Let’s calculate the correlation and p-value

# use cor.test
a<- cor.test(y, x, method = "pearson") # Built-in

a 
#> 
#> 	Pearson's product-moment correlation
#> 
#> data:  y and x
#> t = 1.0303, df = 48, p-value = 0.308
#> alternative hypothesis: true correlation is not equal to 0
#> 95 percent confidence interval:
#>  -0.1368577  0.4087073
#> sample estimates:
#>       cor 
#> 0.1470934
tidy(a) %>%
  kable(digits = 3, 
        caption = "Correlation Test Results",
        col.names = c("Estimate", "Statistic", "p-value", "Parameter", 
                     "Lower CI", "Upper CI", "Method", "Alternative"))
Table 1: Correlation Test Results
Estimate Statistic p-value Parameter Lower CI Upper CI Method Alternative
0.147 1.03 0.308 48 -0.137 0.409 Pearson’s product-moment correlation two.sided
## use linear model
b<- lm(y ~ 1 + x) # Equivalent linear model: y = Beta0*1 + Beta1*x


# Create a nice table
tidy(b) %>%
  kable(digits = 3, 
        caption = "Linear Model Results",
        col.names = c("Term", "Estimate", "Std Error", "t-statistic", "p-value"))
Table 1: Linear Model Results
Term Estimate Std Error t-statistic p-value
(Intercept) -0.159 0.231 -0.689 0.494
x 0.241 0.233 1.030 0.308

The p-value is the same (p = 0.308), but the coefficient is not (0.147 vs 0.241).

It turns out, we need to standardize x and y to get the same correlation coefficient.
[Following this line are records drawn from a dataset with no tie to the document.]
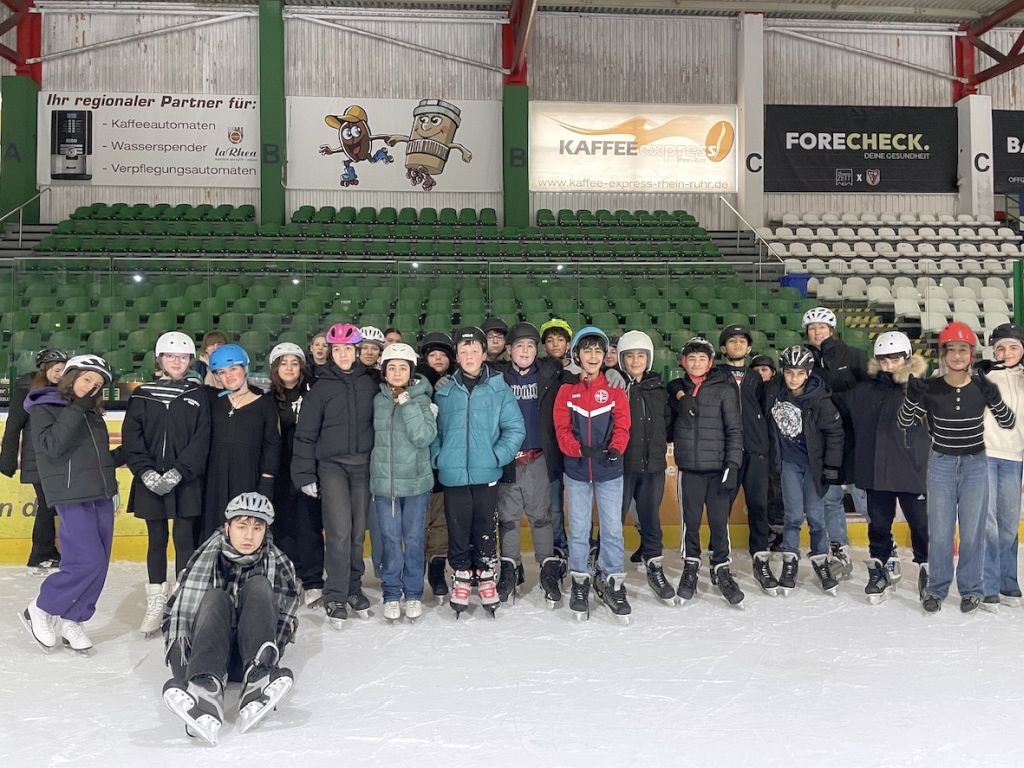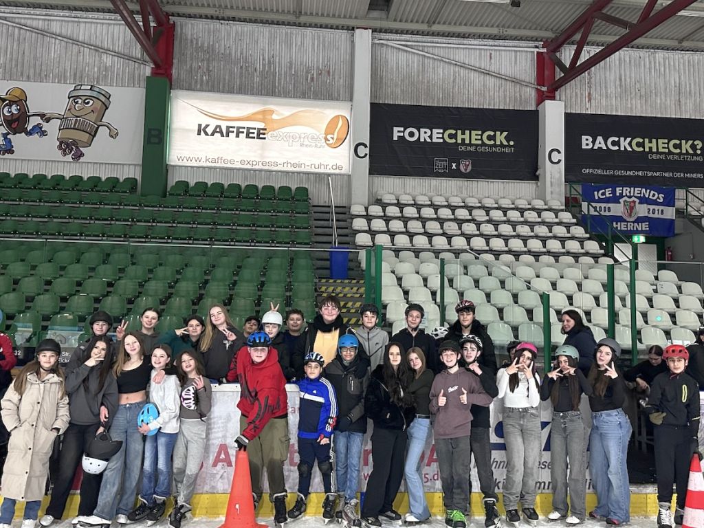 Ein sportliches Highlight erwartete die Schülerinnen und Schüler des 7. Jahrgangs bei ihrem Ausflug in die Eissporthalle am Gysenberg. Im Rahmen des Sportunterrichts und passend zum Lernplanbereich „Rollen, Fahren, Gleiten“ tauschten sie ihre Turnschuhe gegen Schlittschuhe und erlebten einen Tag voller Spaß, Bewegung und beeindruckender Fortschritte.
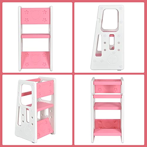 GOPLUS Tour d'apprentissage pour enfants 18-60cm, Escabeau s...
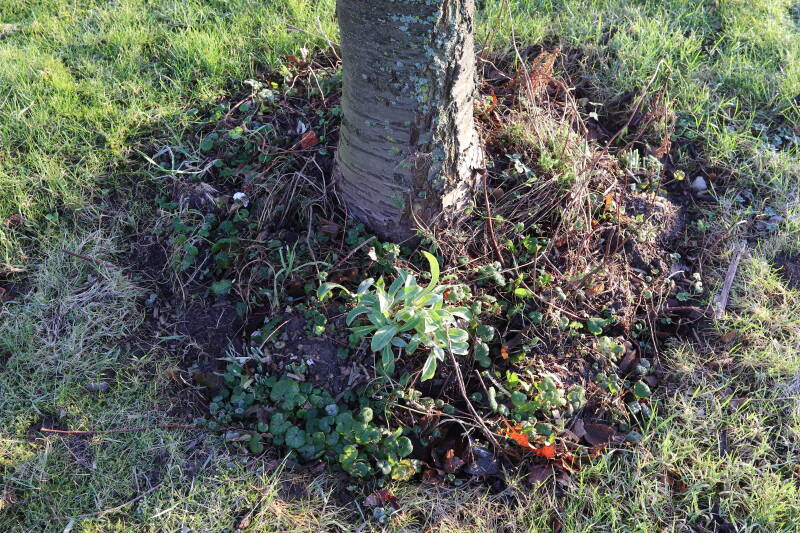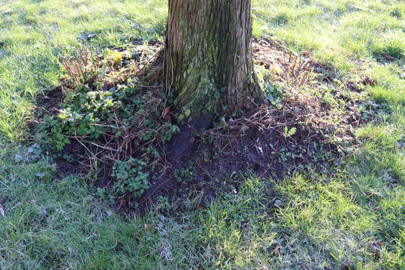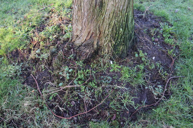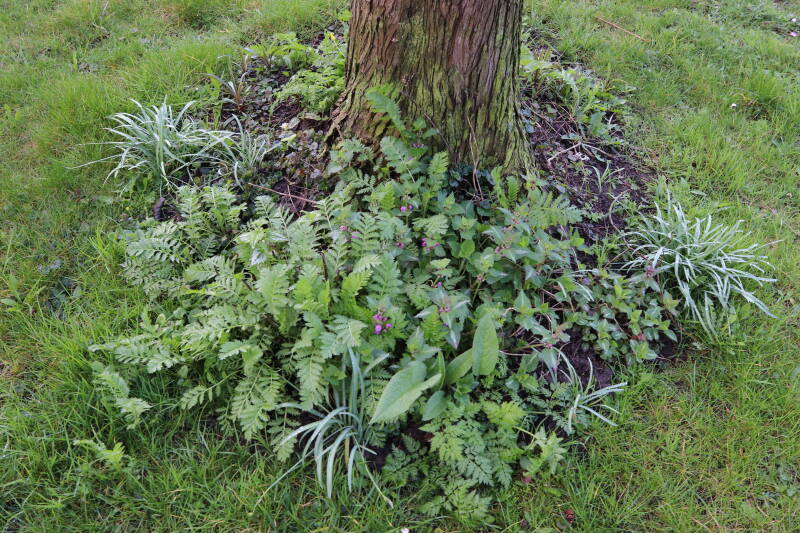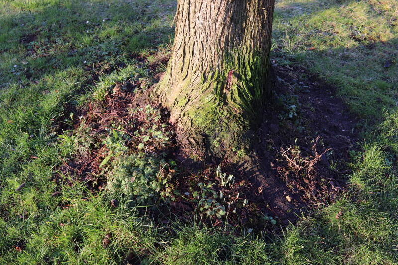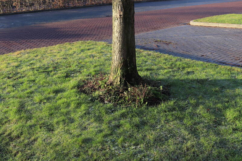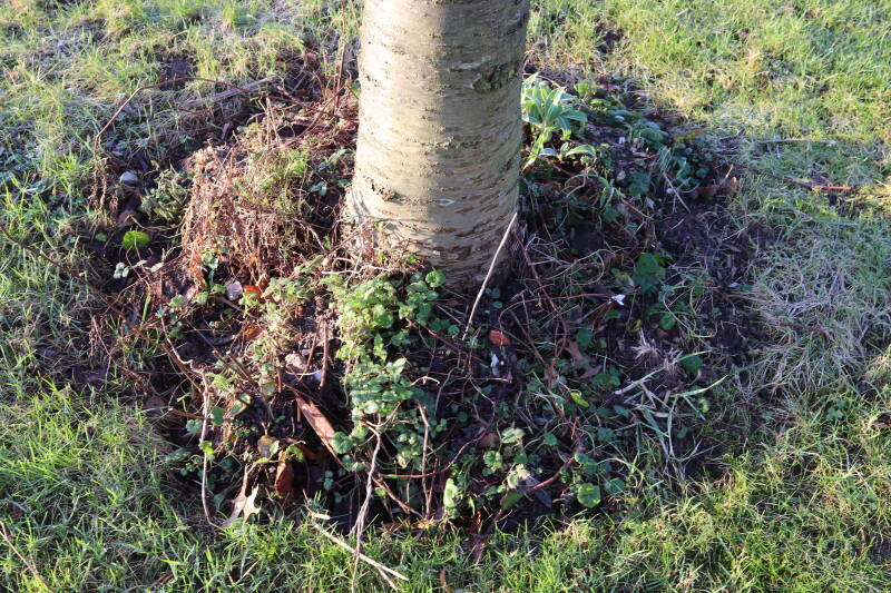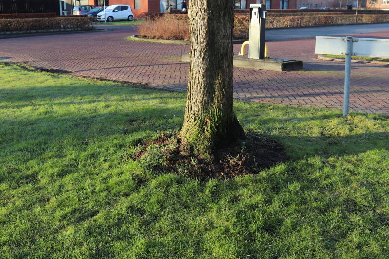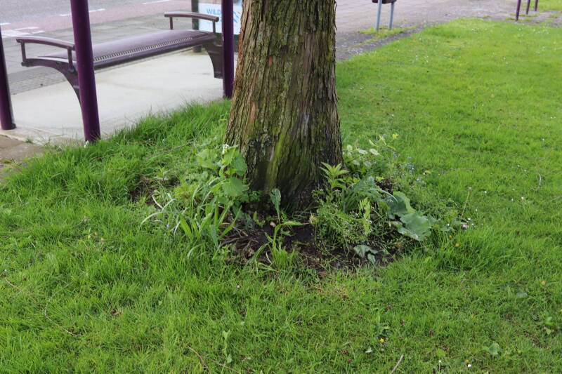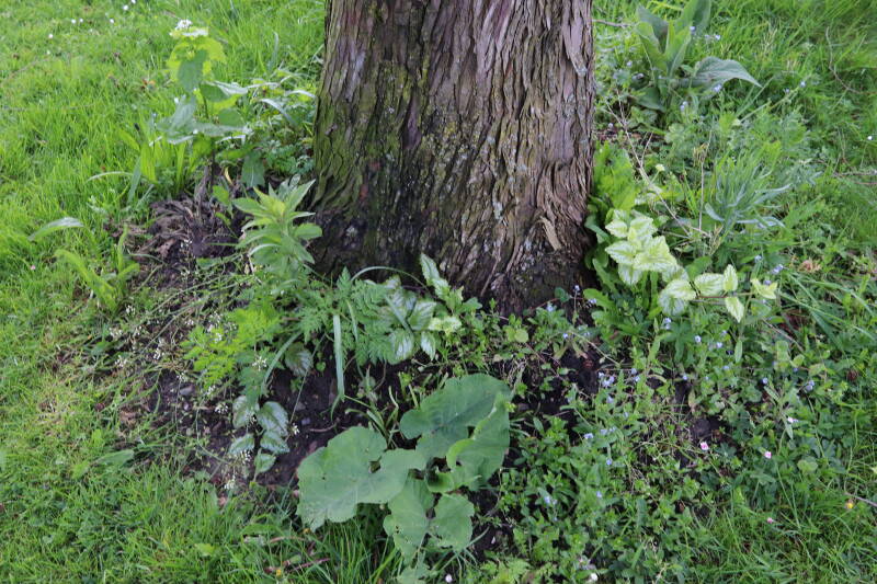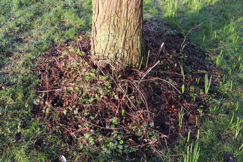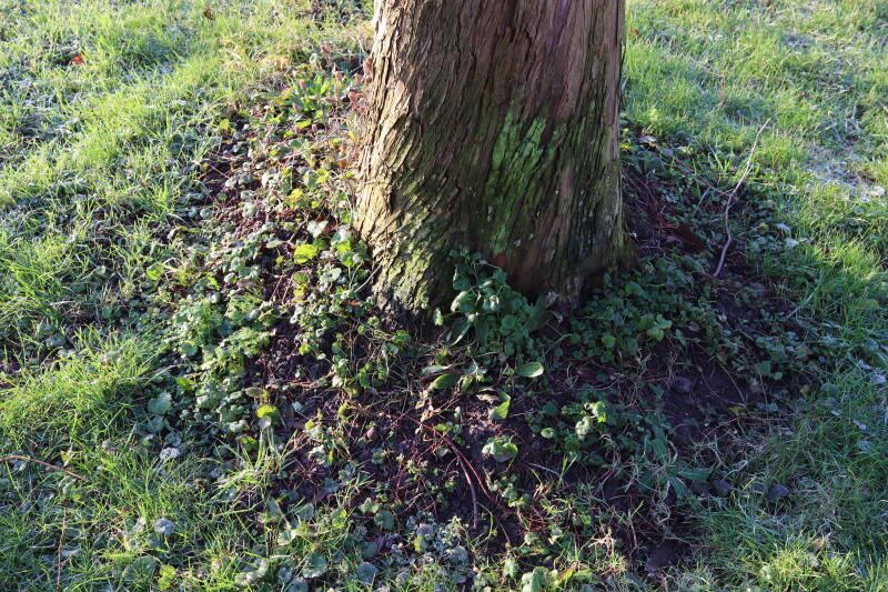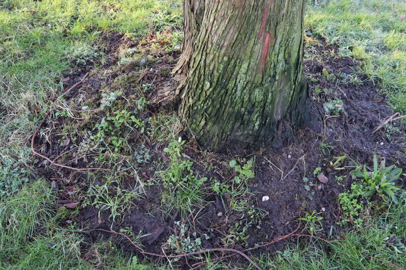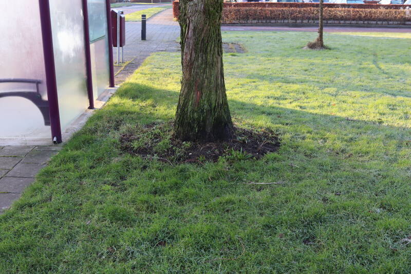 Na het omzagen van een boom in het laantje heb ik de beplanting er om heen verspreid over andere boomspiegels, plus een andere loofboom Prunus avium (zoete kers) van een boomspiegel voorzien, om het aantal voor dit jaar gelijk te houden met waar ik het afgelopen jaar mee ben geëindigd. Ik verwacht op kort termijn dat de stobbe van de Metasequoia glyptostroboides (Chinese moerascypres) tot onder het maaiveld wordt gefreesd en dan blijft er niets over van de bolgewassen en kruidachtige planten die er hebben gestaan. Het gefreesde afval zal in dat geval worden afgevoerd en het ontstane gat worden gedicht met grond, waar de maaier straks over heen zal rijden om het gras kort te houden. Er zal dan bovengronds geen spoor meer te bekennen zijn van de boom die er ooit heeft gestaan.

# need to scale to get the same correlation coefficient
c<- lm(scale(y) ~ 1 + scale(x))

tidy(c) %>%
  kable(digits = 3, 
        caption = "Linear Model Results",
        col.names = c("Term", "Estimate", "Std Error", "t-statistic", "p-value"))
Table 2: Linear Model Results
Term Estimate Std Error t-statistic p-value
(Intercept) 0.000 0.141 0.00 1.000
scale(x) 0.147 0.143 1.03 0.308

Now, we get the same 0.147 of the coefficient.

Why need to standardize it to get the right correlation coefficient

Pearson’s Correlation Coefficient

The formula for Pearson’s correlation coefficient (\(r\)) is:

\[ r = \frac{\sum_{i=1}^{n} (x_i - \bar{x})(y_i - \bar{y})} {\sqrt{\sum_{i=1}^{n} (x_i - \bar{x})^2} \sqrt{\sum_{i=1}^{n} (y_i - \bar{y})^2}} \]

Regression Slope for Standardized Variables

When \(x\) and \(y\) are standardized to \(z\)-scores:

\[ x_{std} = \frac{x - \bar{x}}{SD(x)} \]

\[ y_{std} = \frac{y - \bar{y}}{SD(y)} \]

The regression slope (\(\beta\)) is:

\[ \beta = \frac{\sum_{i=1}^{n} x_{std,i} \, y_{std,i}}{\sum_{i=1}^{n} x_{std,i}^2} \]

Proof of Equivalence

Since standardized variables have \(SD(x_{std}) = SD(y_{std}) = 1\),

\[ \sum_{i=1}^{n} x_{std,i}^2 = n \]

So,

\[ \beta = \frac{\sum_{i=1}^{n} x_{std,i} \, y_{std,i}}{n} \]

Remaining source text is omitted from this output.